This section presents the theoretical principles of the basic network layers used in the proposed model. The proposed model first extracts the primary features of the signal sequence by the convolutional layer. Next, it extracts the long sequence signal features by the BiLSTM layer to capture the dependency between the before and after time features. Then, it focuses on the important features via the sparse attention mechanism. Finally, it completes the fault diagnosis via a softmax layer. Therefore, the basic network layers of the proposed method include the convolutional layer, the BiLSTM layer, and the attention mechanism layers. They are described as follows.

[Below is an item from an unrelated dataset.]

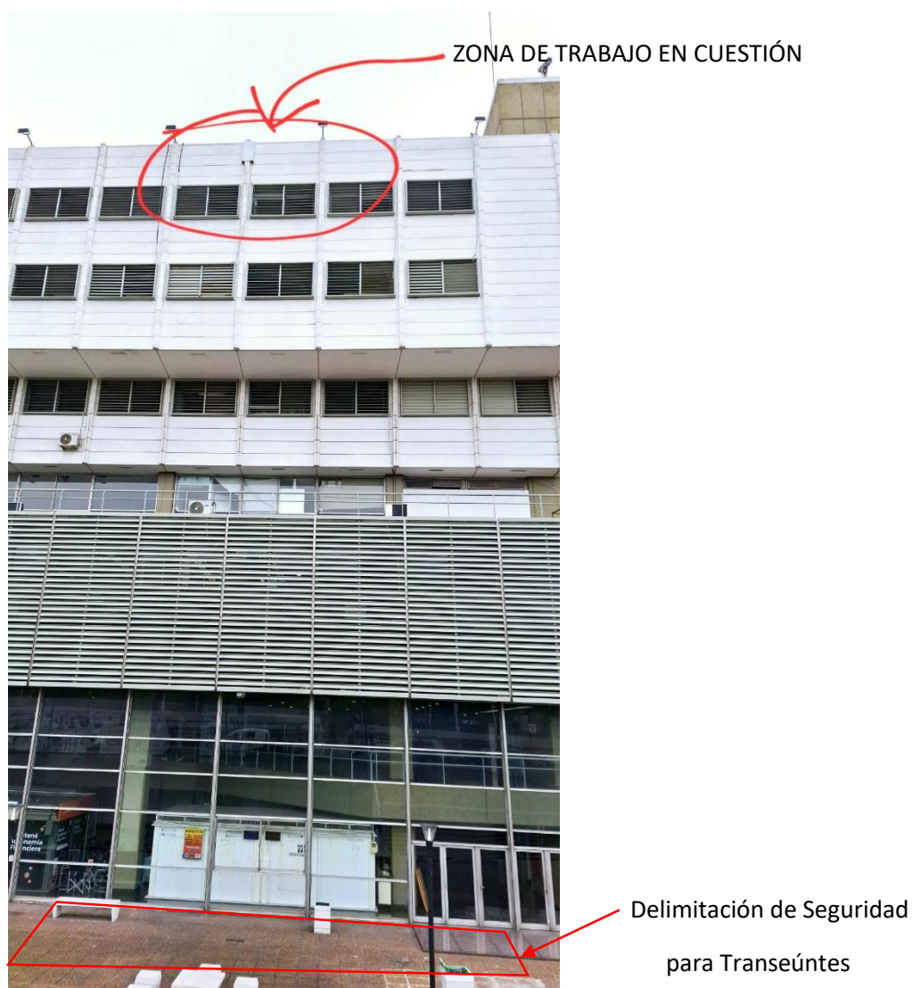
Vista Frontal Fachada Edificio Centro Administrativo

2.1. Convolutional Neural Network

The Convolutional Neural Network (CNN) is one of the typical neural network structures at present. CNN has good data feature extraction capability without excessive data preprocessing. Moreover, CNN is widely used in natural speech processing and image recognition due to its characteristics of local receptive field, spatial subsampling, and weight sharing [26,27,28,29,30]. In this study, for vibration signals or frequency domain signal sequences, 1DCNN is used for feature extraction, which is briefly introduced below.

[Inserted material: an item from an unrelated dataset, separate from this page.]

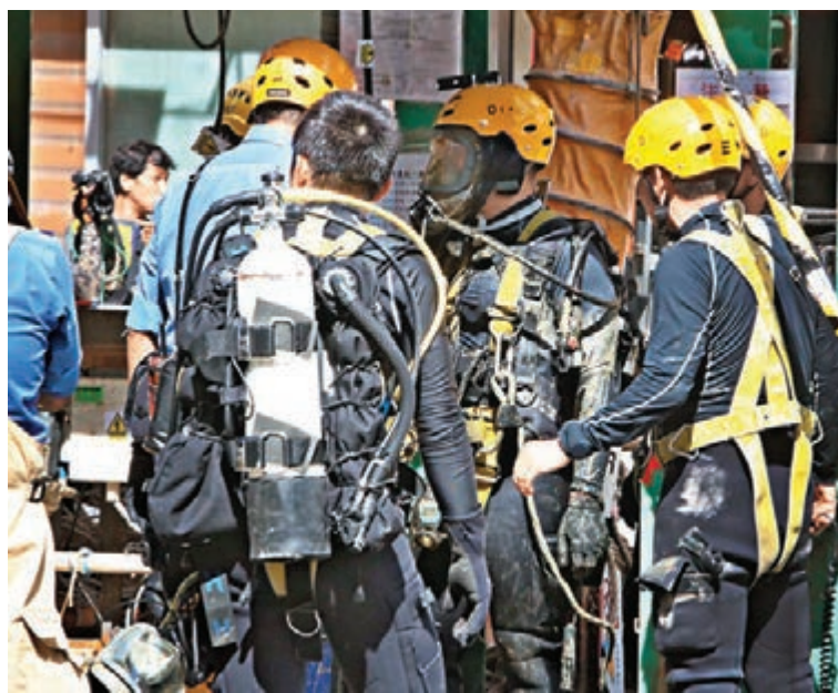
■消防蛙人落沙井搜救失蹤工人後重上地面。

Suppose the input data sequence is

x = [x_{1}, x_{2}, \dots, x_{n}]

, where N is the length of the sequence, the length of the convolution kernel is

1 \times l_{k}

, and the sliding step is s, then the sequence intercepted when the convolution kernel slides i step on the input sequence is

X_{i} = [x_{i * s + 1}, x_{i * s + 2}, \dots, x_{i * s + l_{k}}]

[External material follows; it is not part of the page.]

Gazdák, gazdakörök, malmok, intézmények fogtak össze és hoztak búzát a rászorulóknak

. Finally, the convolution operation can be defined as:

z_{i j} = f (\sum_{i ϵ N_{s}} X_{i} \otimes K_{j} + b_{j}),

(1)

N_{s} = \frac{N - l_{k}}{s}

(2)

where the output

z_{i}

is the feature learned by the convolution kernel during the sliding i step,

\otimes

is the convolution operation,

N_{s}

is the sliding number, f is the nonlinear activation function,

K_{j}

is the j convolution kernel,

b_{j}

is the offset. Then, the characteristic graph of the j convolution kernel

z_{j} = [z_{1 j}, z_{2 j}, \dots, z_{N_{s} j}]

is obtained.

Typically, a pooling layer is added between adjacent convolutional layers to extract important local information and reduce the dimension of the output matrix. Common pooling layer operations include maximum pooling, average pooling, and L2 pooling. Finally, the convolutional neural network flattens the learned features to the full connection layer, which is used to integrate the abstract features extracted from the previous layers and realize the direct link between the output data and the CNN.

The operation of multiple convolutional kernels enhances the ability of network data extraction, while multiple convolutional layers and pooling layers improve the learning ability of the CNN. The reasonable setting of CNN network parameters enables the CNN to better learn fault diagnosis knowledge.

2.2. BiLSTM Network

Bearing vibration acceleration time series contains rich state information. Recursive analysis of the time series can help extract the periodic response characteristics [31,32]. The recursive neural network (RNN) includes feedback connections between its hidden layer and the layer before it [33], and it has the ability to process sequential information. RNN can be trained using back propagation with target output and sequence input data.

For the input sequence

x = [x_{1}, x_{2}, \dots, x_{N}]

, RNN hidden state vector calculation sequence

h = [h_{1}, h_{2}, \dots, h_{N}]

, the output sequence

y = [y_{1}, y_{2}, \dots, y_{N}]

, through the iterative equation below, from t = 1 to N.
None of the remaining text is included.